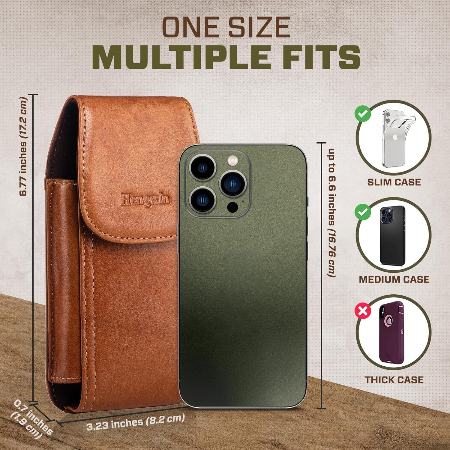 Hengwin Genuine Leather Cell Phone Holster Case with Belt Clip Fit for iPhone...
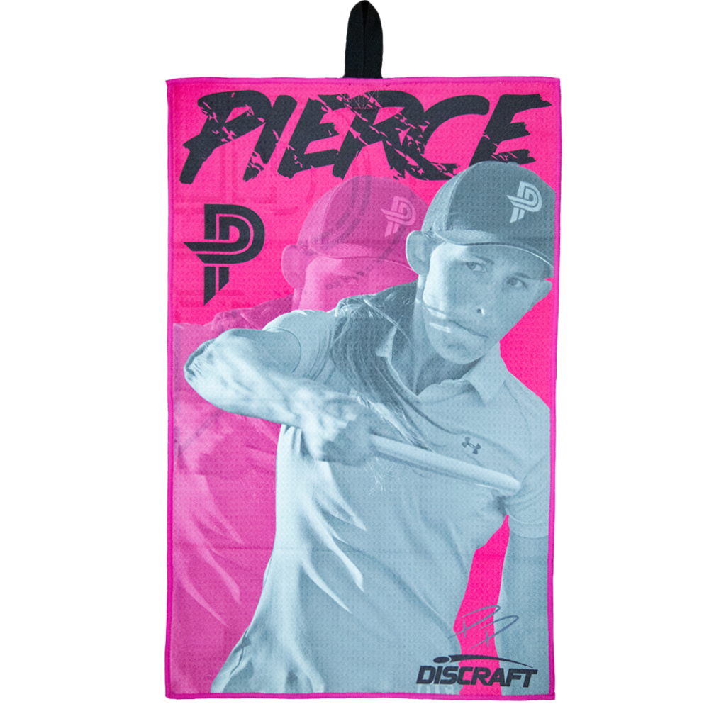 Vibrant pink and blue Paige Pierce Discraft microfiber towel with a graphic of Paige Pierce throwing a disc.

* * *

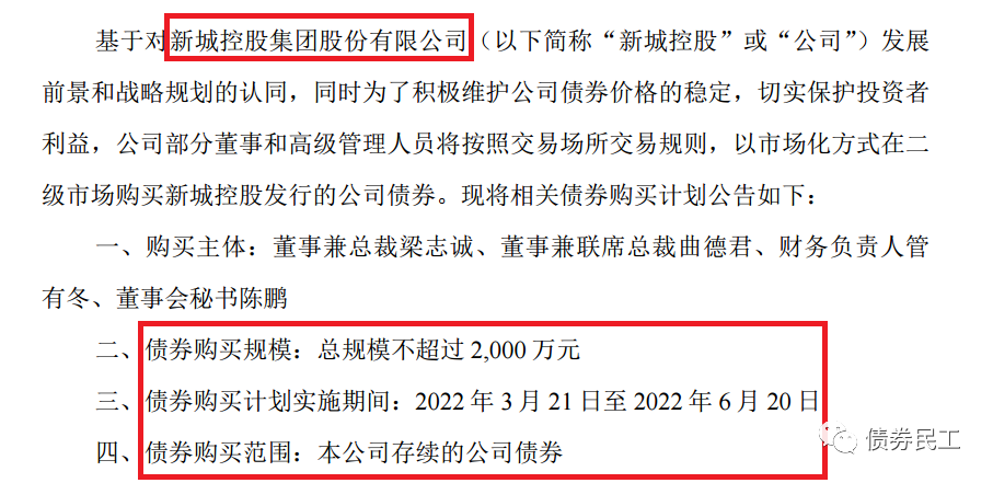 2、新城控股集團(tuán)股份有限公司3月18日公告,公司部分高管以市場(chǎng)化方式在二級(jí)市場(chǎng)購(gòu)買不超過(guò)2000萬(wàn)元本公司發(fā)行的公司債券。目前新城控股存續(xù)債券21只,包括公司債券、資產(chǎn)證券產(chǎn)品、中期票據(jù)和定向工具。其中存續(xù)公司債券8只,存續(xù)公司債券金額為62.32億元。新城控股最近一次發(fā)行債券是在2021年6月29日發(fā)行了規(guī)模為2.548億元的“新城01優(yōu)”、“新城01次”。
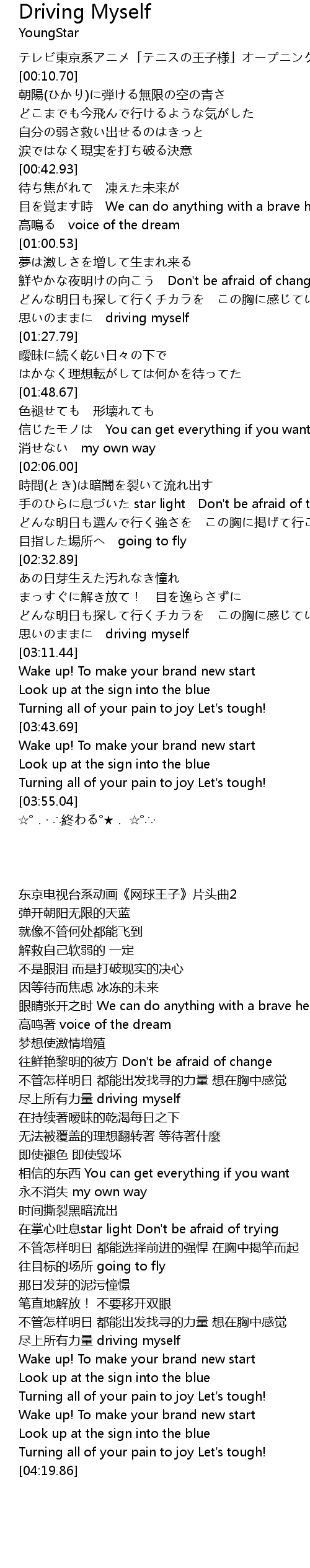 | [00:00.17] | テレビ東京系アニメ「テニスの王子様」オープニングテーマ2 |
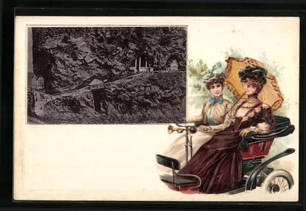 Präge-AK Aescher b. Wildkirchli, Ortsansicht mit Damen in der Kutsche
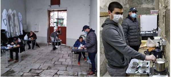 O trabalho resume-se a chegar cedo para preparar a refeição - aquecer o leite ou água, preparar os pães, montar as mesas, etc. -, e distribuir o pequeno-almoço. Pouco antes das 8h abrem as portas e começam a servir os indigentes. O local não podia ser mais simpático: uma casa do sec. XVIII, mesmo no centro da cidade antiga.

_TASK DETAILS_.
Find the line with "Hengwin Genuine Leather" in the entries above. Set down exactly every line from it up to and including the line with "Vibrant pink and", images excluded.

_RESULT OF THE EXERCISE_.
 Hengwin Genuine Leather Cell Phone Holster Case with Belt Clip Fit for iPhone...
 Vibrant pink and blue Paige Pierce Discraft microfiber towel with a graphic of Paige Pierce throwing a disc.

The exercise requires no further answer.